WHAT YOU ARE ASKED TO DO: All lines from the one containing "Van de tiende" through the last line of the listing below are to be copied exactly. Exclude the pictures.

DATA SECTION:
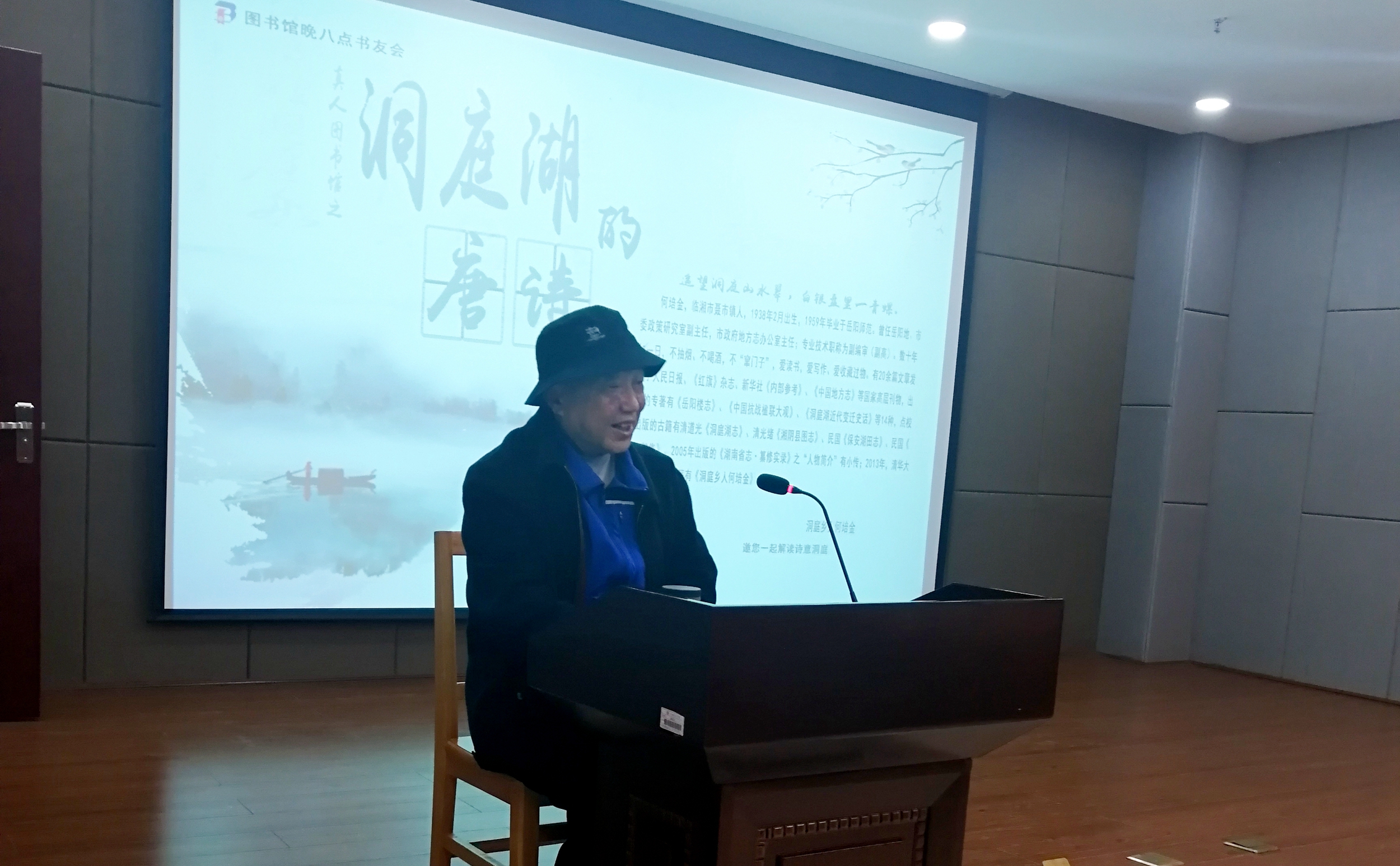 湖湘才子何林福先生走进真人图书馆,与师生读者一起来了场“与天下岳阳楼的对话”。洞庭乡人何培金带来“洞庭湖的唐诗”讲座,为师生解读诗意洞庭的文化精华。潇湘晨报、长江信息报《地理志》专栏作家、洞庭湖流域地理文化学者张小章先生来馆,开启一段“汨罗江寻源”之旅。岳阳市作家协会副主席潘刚强和东洞庭湖国家自然保护区管理局总工程师姚毅两位嘉宾从不同视角“对话洞庭水中精灵”,让读者认识到人与自然和谐共生的意义。
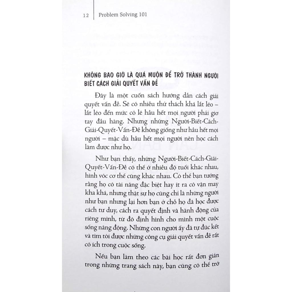 Và theo như tác giả chia sẻ thì ông không đưa ra một tập hợp những kỹ năng bởi “Giải quyết vấn đề không chỉ cần các kỹ năng, mà còn cần hơn là một hệ thống tư duy giúp con người phát huy tối đa khả năng của mình và tạo ra một thế giới tốt đẹp hơn. Những người muốn giải quyết vấn đề thực sự ít khi chấp nhận những điều kiện hiện có mà luôn chủ động tìm cách cải thiện môi trường xung quanh mình”.
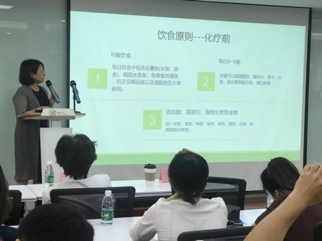 会上,方主任从四个方面给大家讲解了癌症患者营养摄入的重要,分别是肿瘤化疗期间患者的饮食原则、识别和对比几种不同的膳食模式、了解常见的膳食模式对肿瘤康复期患者的影响、了解适合肿瘤患者的膳食模式。无论是放疗还是化疗,副作用的影响都很大,身体的营养再供应不足,癌症患者很难从治疗中恢复,恶心、呕吐是常有的事,但是,不能因为身体不适而忽视进食的讲究。特别是体重迅速下降的患者,一定要找营养科医生沟通食谱搭配,均衡饮食对于患者的康复尤其重要。
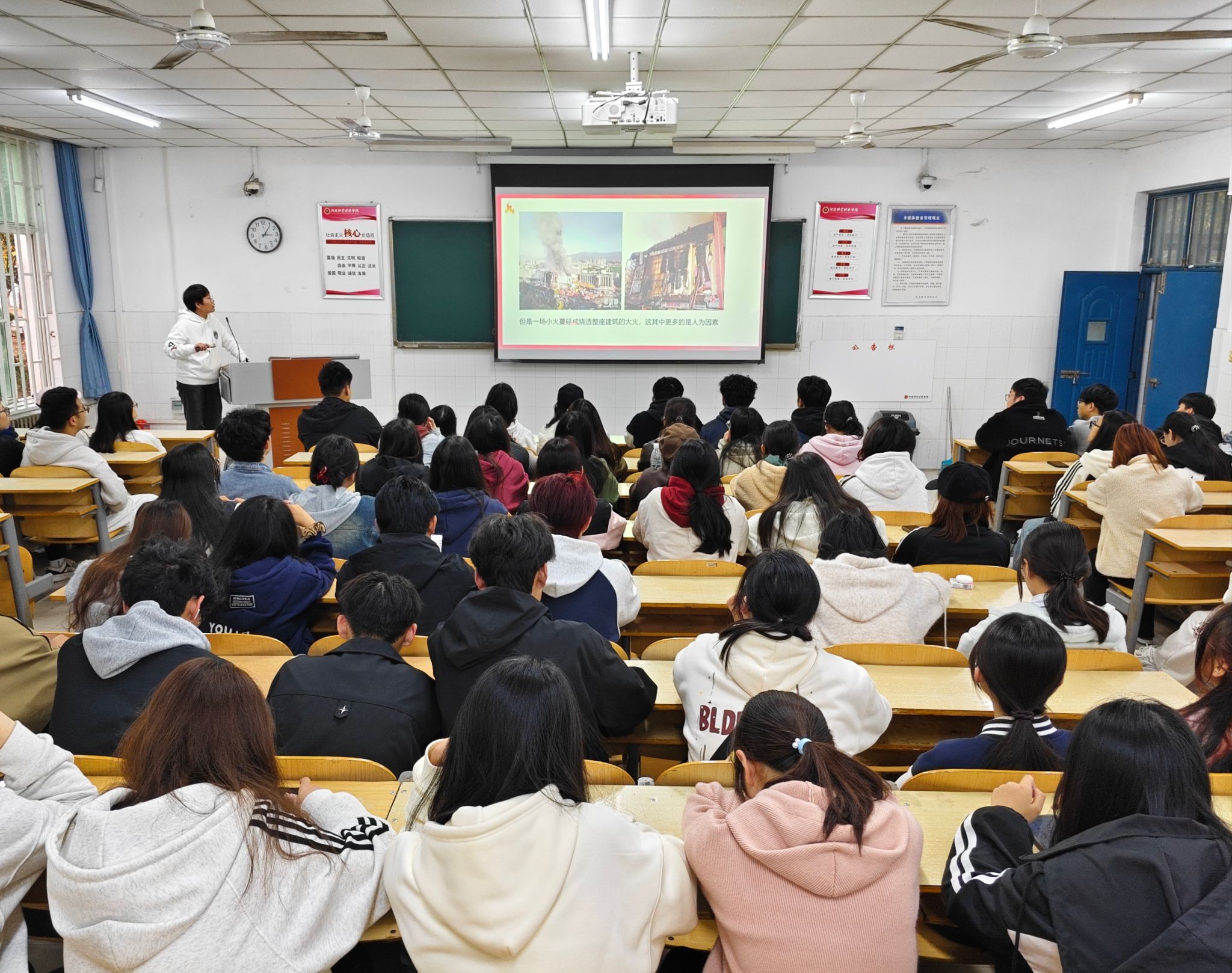 讲座伊始,赵平老师通过最新的学校火灾案例分析展开讲解,通过播放火灾事故和如何分辨及正确使用灭火器的片段,使学生对消防安全有了进一步的认识和掌握。随后,赵平老师从校园宿舍消防安全的特点出发,为学生讲述了用火用电安全、宿舍限电、插线板的使用及违规电器的禁止。讲座的互动环节,同学们积极提出自己的疑问,与赵平老师进行了深入的交流与讨论,这也有助于同学们更好地记住消防安全知识。赵平老师还呼吁同学们积极宣传消防安全意识,更好地预防火灾的发生。最后,赵平老师再一次强调了消防安全在日常生活中的重要性,并呼吁大家正视火灾的潜在威胁,积极采取措施进行预防。同学们纷纷表示通过本次讲座学习到了许多实用的消防安全知识和应对火灾的技能。
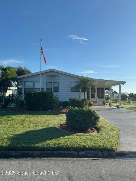 Nicely landscaped beautiful Corner lot in the heart of Recreational Barefoot Bay! Over 1200 sq ft, Morning Room, Dining Room, Living Room, ''L'' shaped Kitchen, updated laminate flooring throughout most, interior laundry room, Raised Glass Porch, huge Master Bath has Garden Tub, Walk in Shower & double sinks, Roof estimated to be 2 years, HVAC estimated 2019. Home is a MUST SEE! Make this home yours today! Perfect for the first time home buyer, seasonal vacationer, or change of pace retirement home. Enjoy going to the pools, lounges, golfing, bocci, horseshoe, tennis, fishing pier, private beach, clubhouse, walking path, clubs, mini golf, and the gorgeous Florida Sunsets by the Lake. Onetime Social Membership fee $1605 & incorp. into annual taxes $1007.17
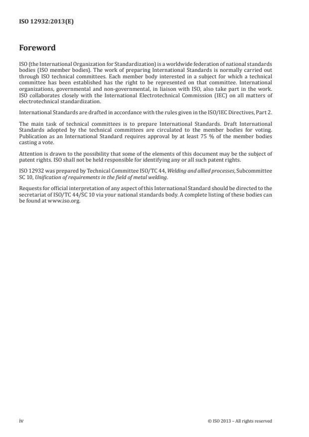 ISO 12932:2013 is a standard published by the International Organization for Standardization (ISO). Its full title is "Welding - Laser-arc hybrid welding of steels, nickel and nickel alloys - Quality levels for imperfections". This standard covers: ISO 12932:2013 specifies quality levels of imperfections in laser-arc hybrid welded joints for all types of steel, nickel and its alloys. It applies to material thickness ≥0,5 mm. Three quality levels are given in order to permit application for a wide range of welded fabrication. They are designated by B, C and D. Quality level B corresponds to the highest requirement on the finished weld. The quality levels refer to production quality and not to the fitness-for-purpose of the product manufactured.
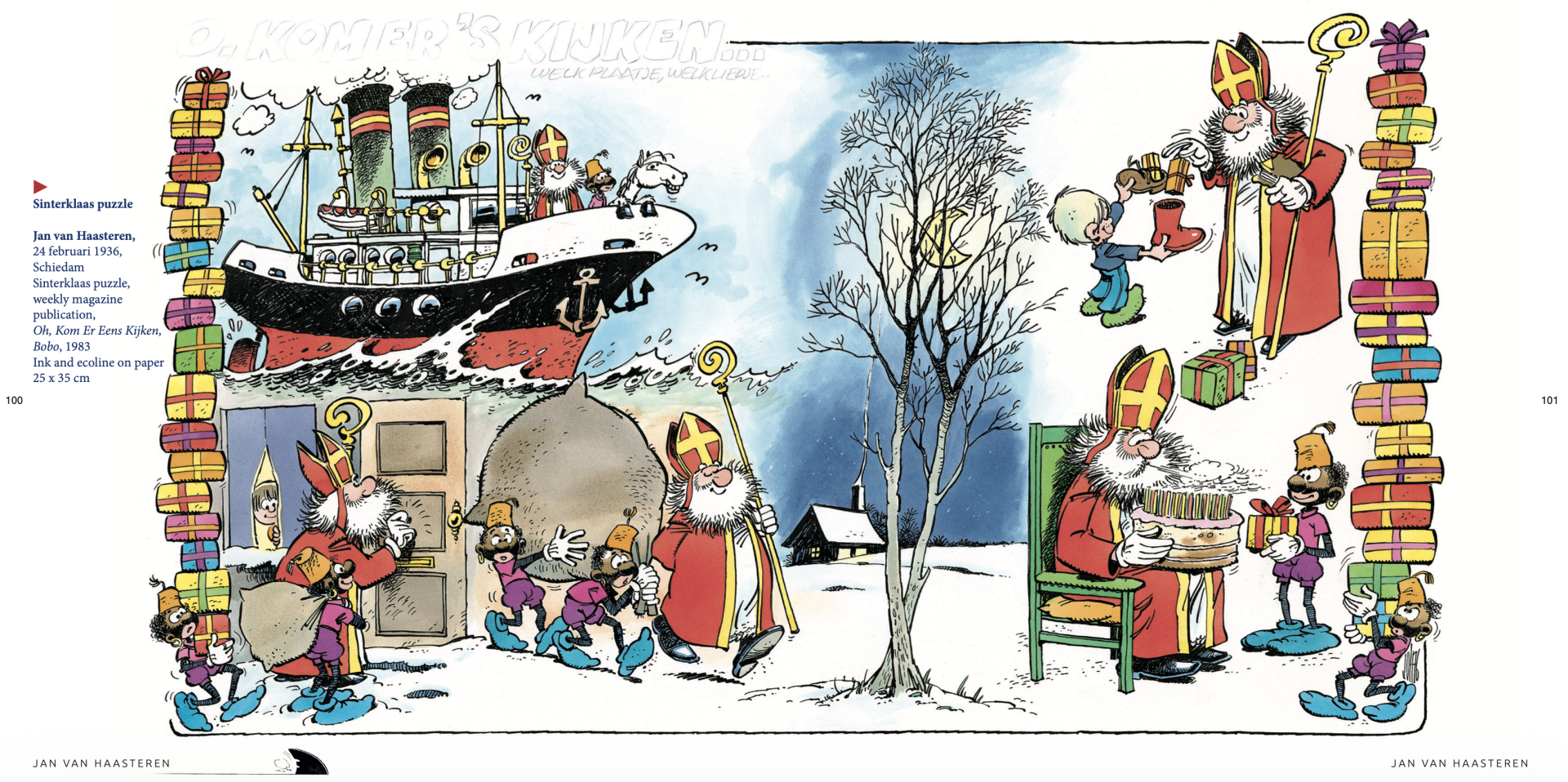 Van de tiende tentoonstelling in het MoCA, ’JAN VAN HAASTEREN - The Missing Pieces of a Comic Artist', is een rijk geïllustreerde genummerde catalogus, met linnen rug met zilverfolie opdruk, samengesteld. De schutbladen zijn bedrukt in kleur.
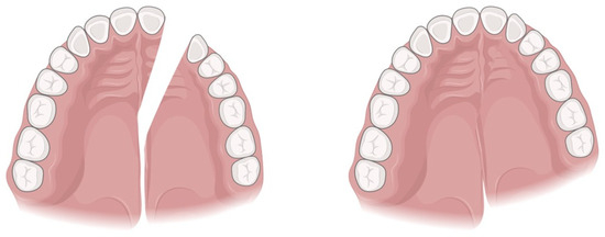 - Tortora, C.; Meazzini, M.C.; Garattini, G.; Brusati, R. Prevalence of Abnormalities in Dental Structure, Position, and Eruption Pattern in a Population of Unilateral and Bilateral Cleft Lip and Palate Patients. Cleft Palate-Craniofacial J. 2008, 45, 154–162. [Google Scholar] [CrossRef] [PubMed]
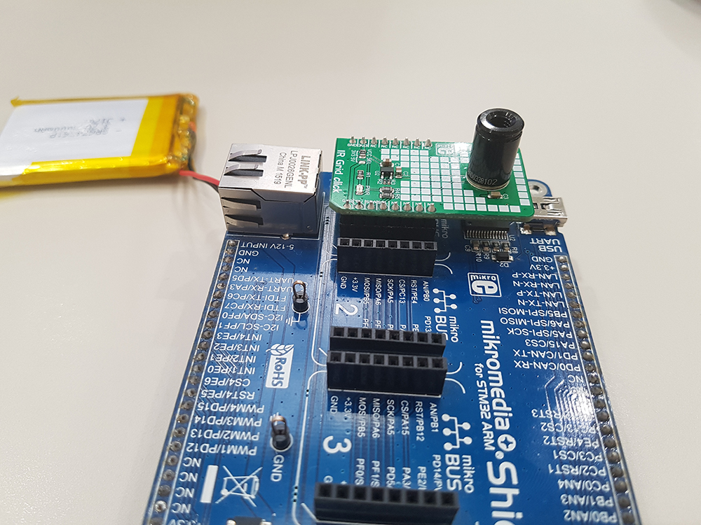 - Connect IR Grid Click to mikroBUS1 on Shield
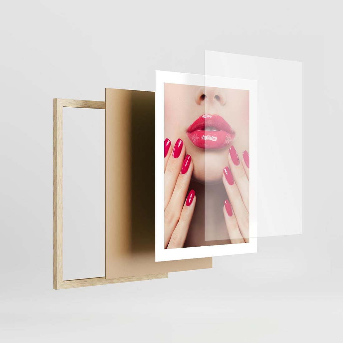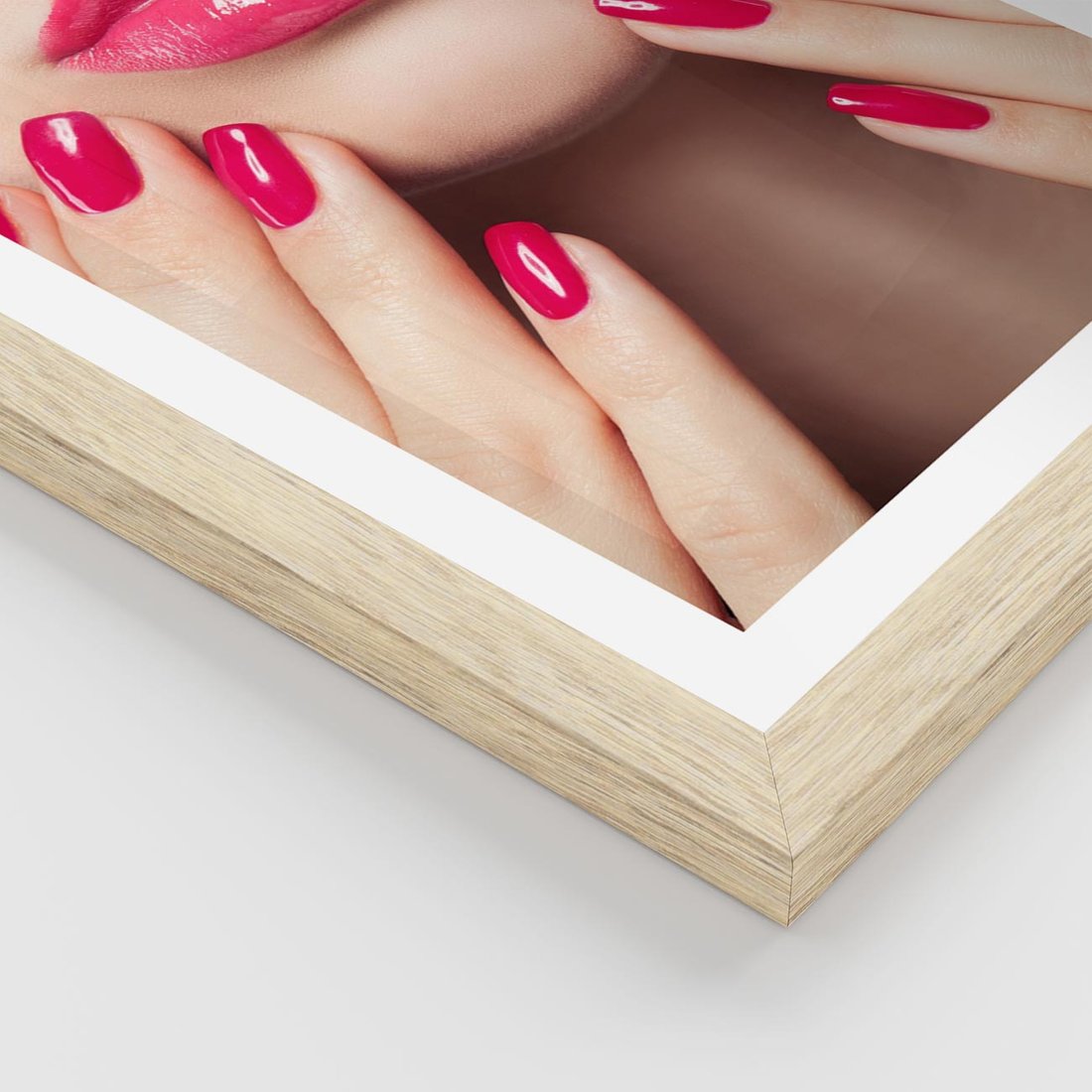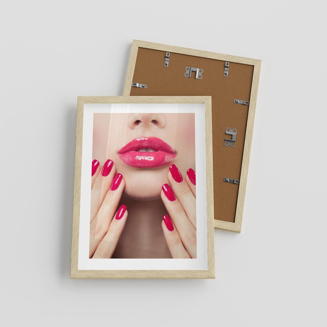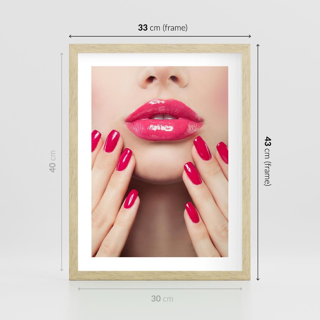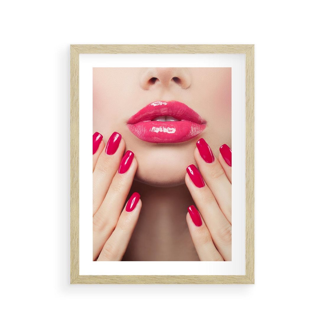 Plakat w ramie 30x40 - Wyrażenie Piękna - paznokcie, usta - rama drewno
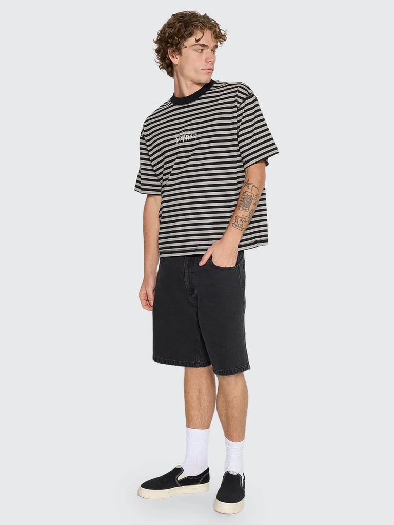 The Mid Slacker Long Short in Aged Black takes Thrills relaxed denim fit into warm-weather territory. Roomy, loose, and built for comfort, it is made from heavy-wearing cotton denim, featuring more room through the body and a touch more length that finishes just past the knee for a more forward fit finish. Designed for versatility, this is a men's fashion au staple that pairs easily with oversized tees for an effortless street-ready look

SOLVED PROBLEM:
 Van de tiende tentoonstelling in het MoCA, ’JAN VAN HAASTEREN - The Missing Pieces of a Comic Artist', is een rijk geïllustreerde genummerde catalogus, met linnen rug met zilverfolie opdruk, samengesteld. De schutbladen zijn bedrukt in kleur.
 - Tortora, C.; Meazzini, M.C.; Garattini, G.; Brusati, R. Prevalence of Abnormalities in Dental Structure, Position, and Eruption Pattern in a Population of Unilateral and Bilateral Cleft Lip and Palate Patients. Cleft Palate-Craniofacial J. 2008, 45, 154–162. [Google Scholar] [CrossRef] [PubMed]
 - Connect IR Grid Click to mikroBUS1 on Shield
 Plakat w ramie 30x40 - Wyrażenie Piękna - paznokcie, usta - rama drewno
 The Mid Slacker Long Short in Aged Black takes Thrills relaxed denim fit into warm-weather territory. Roomy, loose, and built for comfort, it is made from heavy-wearing cotton denim, featuring more room through the body and a touch more length that finishes just past the knee for a more forward fit finish. Designed for versatility, this is a men's fashion au staple that pairs easily with oversized tees for an effortless street-ready look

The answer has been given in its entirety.